As it is presented in e.g. Laurent (2003) the 0/1 Lasserre hierarchy of level t can be formulated in terms of matrices. For \(0 \le t \le n\), let \(\left( {\begin{array}{c}[n]\\ t\end{array}}\right) \), \(\left( {\begin{array}{c}[n]\\ \le t\end{array}}\right) \) denote all subsets of size exactly and at most t, respectively. The moment matrix of variables is symmetric, real-valued, set-indexed matrix \(M_{t+1} \in \mathbb {S}^{\left( {\begin{array}{c}[n]\\ \le r\end{array}}\right) \times \left( {\begin{array}{c}[n]\\ \le r\end{array}}\right) }\) such that \(\left( M_{t+1}\right) _{I,J}=\tilde{\mathbb {E}}{\left( \prod _{i \in I \cup J}x_i \right) }\).

Lemma 9

\( \tilde{\mathbb {E}}{\left( u^2(x) \right) } \ge 0, ~ \forall u \in \mathbb {R}[x]_{t+1}\) iff \(M_{t+1} \succeq 0\)

Proof

$$\begin{aligned} \tilde{\mathbb {E}}{\left( u^2(x) \right) }=\tilde{\mathbb {E}}{\left( \sum _{|I|\le t+1} a_I \prod _{i\in I}x_i \right) }^2 = \sum _{|I|,|J|\le t+1} a_I a_J \tilde{\mathbb {E}}{\left( \prod _{i \in I \cup J}x_i \right) }= a^\top M_{t+1} a \end{aligned}$$

where \(a \in \mathbb {R}^{\left( {\begin{array}{c}[n]\\ \le t\end{array}}\right) }\). The claim follows since \(a^\top M_{t+1} a \ge 0, ~ \forall a \in \mathbb {R}^{\left( {\begin{array}{c}[n]\\ \le t\end{array}}\right) }\) iff \(M_{t+1} \succeq 0\).\(\square \)

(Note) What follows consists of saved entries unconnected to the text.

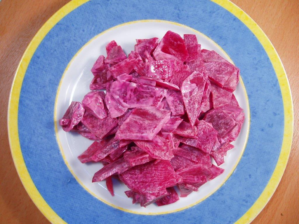 2 bulvy řepy (300 g) oloupejte a rozkrájejte na měsíčky, dejte vařit do vody, kterou předem ochutíte 1 lžící octa (10 g), 1 lžičkou soli (5 g) a 1 lžičkou cukru (5 g). Vaří se poměrně dlouho. Potom ji nakrájejte na menší kousky a smíchejte se lžící zakysané smetany – 20 g, opepřete a přidejte špetku zázvoru.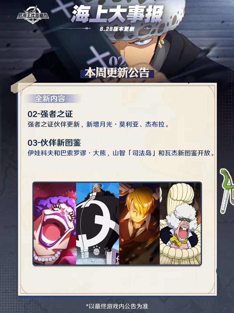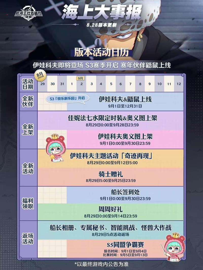 航海王壮志雄心S3特典伙伴伊娃科夫以及他的奥义图将在9月1日正式上线。同时,S3赛年伙伴鼯鼠也将在同一天与大家见面,随着伊娃科夫的上线,游戏将开启主题活动「奇迹再现」。玩家们可以通过参与活动获取丰富的福利和好礼,体验伊娃科夫带来的“奇迹”力量。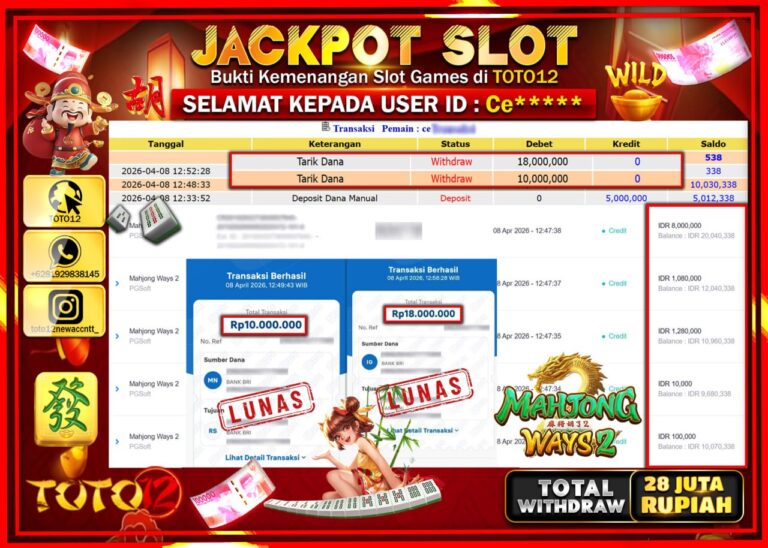 Selamat kepada Member Kami Ce***** Telah Jackpot dan berhasil mendapatkan kemenangan besar pada permainan JACKPOT SLOT GAME (WILD BANDITO) Dengan Kemenangan Sebesar Rp.28.000.000–. Setelah mengisi Fomulir Withdraw dengan Kurang waktu 1-2 Menit Dana sudah kami Trasnfer kepada Pemilik Userid dan dana sudah dapat di cairkan oleh pemenang. Bukti Pembayaran yang TOTO12 berikan merupakan Bukti Pembayaran yang SAH…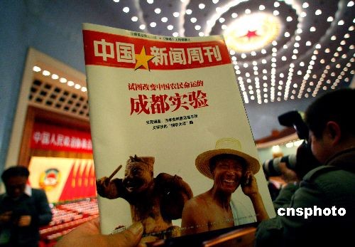 3月3日至13日,全國(guó)“兩會(huì)”在北京人民大會(huì)堂召開,與會(huì)人員在會(huì)前關(guān)注《中國(guó)新聞周刊》。中新社發(fā) 宋吉河 攝

We consider a complete graph \(K_5\), with \(n=10\) edges, and \(t=1\). For a sake of convenience we denote the moment matrix \(M_{2}\) by M and, since the considered pseudoexpectation operator is symmetric, for \(\tilde{\mathbb {E}}{\left( \prod _{i \in S}x_i \right) } \ne 0\) we denote \(\tilde{\mathbb {E}}{\left( \prod _{i \in S}x_i \right) }\) by \(\alpha _1\) or \(\alpha _2\) for \(|S|=1\) or \(|S|=2\), respectively. Let M be of the form:

$$\begin{aligned} M=\begin{pmatrix}1 &{} y^{\top } &{}z^{\top } \\ y &{} A&{} B \\ z &{} B^{\top } &{} C\end{pmatrix} \end{aligned}$$

where \(y\in \mathbb {R}^{\left( {\begin{array}{c}[n]\\ 1\end{array}}\right) }\), \(z\in \mathbb {R}^{\left( {\begin{array}{c}[n]\\ 2\end{array}}\right) }\), \(A\in \mathbb {R}^{\left( {\begin{array}{c}[n]\\ 1\end{array}}\right) \times \left( {\begin{array}{c}[n]\\ 1\end{array}}\right) }\), \(B\in \mathbb {R}^{\left( {\begin{array}{c}[n]\\ 1\end{array}}\right) \times \left( {\begin{array}{c}[n]\\ 2\end{array}}\right) }\) and \(C\in \mathbb {R}^{\left( {\begin{array}{c}[n]\\ 2\end{array}}\right) \times \left( {\begin{array}{c}[n]\\ 2\end{array}}\right) }\).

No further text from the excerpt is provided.